Lastly, companies need to implement better monitoring and BCP / DR for their business. In the case of CrowdStrike, they should have had monitoring in place that immediately detected their products going offline and they should have had the ability to roll back or revert to the last known good state. Going a step further they could even change the behavior of their software where instead of causing a kernel panic that crashes the system, the OS recovers gracefully and automatically rolls back to the last known good state. However, the reality is sophisticated logic like this costs money to develop and it is difficult for development teams to justify this investment unless the company has felt a financial penalty for their failures.

Cloud environments still need to follow IT operations best practices by completing a business impact analysis and implementing a BCP / DR plan.

Contracts & Liability

Speaking of financial penalties, the big question is whether or not CrowdStrike can be held liable for the global outage.
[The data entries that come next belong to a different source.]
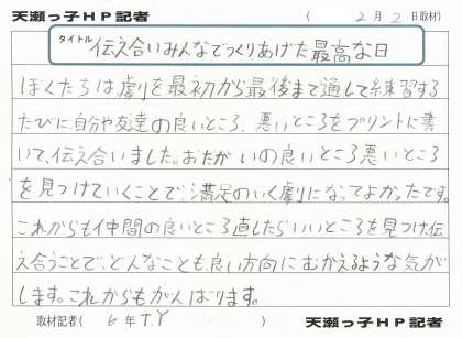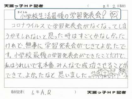 6年生 天瀬っ子HP記者「学習発表会ふりかえり」2
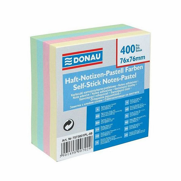 Blok samoljepljivi Donua 76x76mm 400L 4 pastel boje 27366
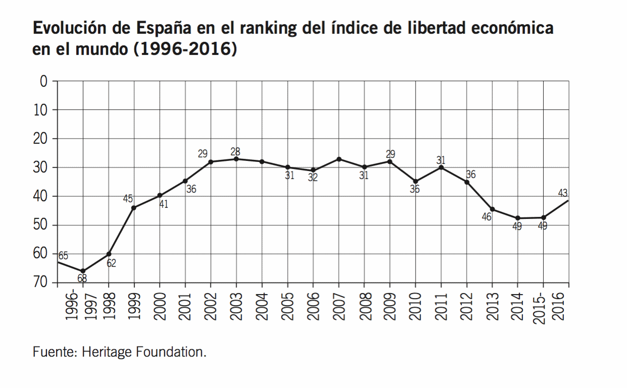 La clasificación obtenida por España en el Índice de Libertad Económica en el Mundo mejoró notablemente entre los años 1996 y 2004. Nuestro país pasó del puesto 65 al número 29. He aquí los ingredientes centrales que hicieron posible este salto adelante.

My guess is this will depend on what it says in their contracts. Most contracts have a clause that limits liability for both sides and so CrowdStrike could certainly face damages within those limits (probably only a few million at most). It is more likely CrowdStrike will face losses for new customers and existing customers that are up for contract renewal. Some customers will terminate their contracts. Others will negotiate better terms or expect larger discounts on renewal to make up for the outage. At most this will hit CrowdStrike for the next 3 to 5 years (depending on contract length) and then the pricing and terms will bounce back. It will be difficult for customers to exit CrowdStrike en masse because it is already a sunk cost and companies wont want to spend the time or energy to deploy a new technology. Some of the largest customers may have the best terms and ability to extract concessions from CrowdStrike, but overall I don’t think this will impact them for very long and I don’t think they will be held legally liable in any material sense.

Delta Lags Industry Standard

If CrowdStrike isn’t going to be held legally liable, what happens to Delta and their claimed lost $500M? Let’s look at some facts. First, as CrowdStrike has rightfully pointed out, Delta lagged the world for recovering from this event. They took about 20 times longer to get back to normal operations than other airlines and large companies. This points to clear underinvestment in identifying critical points of failure (their crew scheduling application) and developing sufficient plans to backup and recover if critical parts of their operation failed.
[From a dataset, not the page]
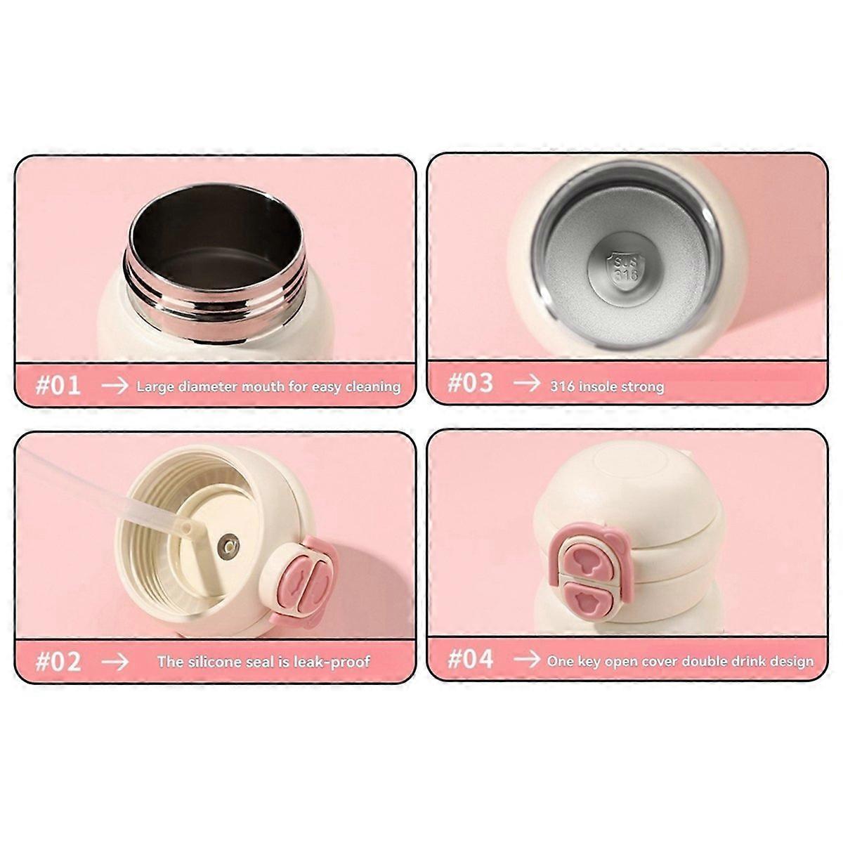 Cute Stainless Steel Water Bottle with Straw Black

Second, Delta clearly hasn’t designed their operations for ease of management or resiliency. They have also failed to perform an adequate Business Impact Analysis (BIA) or properly test their BCP / DR plans. I don’t know any specifics about their underlying IT operations, but a few recommendations come to mind such as implementing active / active instances for critical services and moving to thin clients or PXE boot for airport kiosks and terminals. Remove the need for a human to touch any of these systems physically, and instead implement processes to remotely identify, manage and recover these systems from a variety of different failure scenarios. Clearly Delta has a big gap in their IT Operations processes and their customers suffered as a result.

Wrapping Up

What the CrowdStrike event highlights is the need for companies to prioritize quality, resiliency and stability over speed to market. The National Cybersecurity Strategy has identified software defects as a strategic imperative because they lead to vulnerabilities, supply chain compromise and global outages. Companies with the size and reach of CrowdStrike can no longer afford to prioritize speed over all else and instead need to shift to a more mature and higher quality SDLC. In addition, companies that use popular software need to consider diversifying their supply chain, implementing IT operations best practices (like SRE) and implementing a mature BCP and DR plan on par with industry standards.

What the CrowdStrike event highlights is the need for companies to prioritize quality, resiliency and stability over speed to market.
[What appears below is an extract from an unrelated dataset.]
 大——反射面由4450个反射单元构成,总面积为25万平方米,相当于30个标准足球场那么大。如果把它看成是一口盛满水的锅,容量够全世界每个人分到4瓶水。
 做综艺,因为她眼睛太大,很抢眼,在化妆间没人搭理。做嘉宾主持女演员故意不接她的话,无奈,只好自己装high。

When it comes to holding companies liable for global outages, like the one two weeks ago, I think it will be difficult for this to play out in the courts without resorting to a legal tit-for-tat that no one wins. Instead, the market and customers need to weigh in and hold these companies accountable through share prices, contractual negotiation or even switching to a competitor. Given the complexity of modern software, I don’t think companies should be held liable for software flaws because it is impossible to eliminate all flaws. Additionally, modern SDLCs and CI/CD pipelines are exceptionally complex and this complexity can often result in failure. This is why BCP/DR and SRE is so important, so you can recover quickly if needed. Yes, CrowdStrike could have done better, but clearly Delta wasn’t even meeting industry standards. Instead of questioning whether companies should be held liable for software flaws, a better question is: At what point does a company become so essential that they by default become critical infrastructure?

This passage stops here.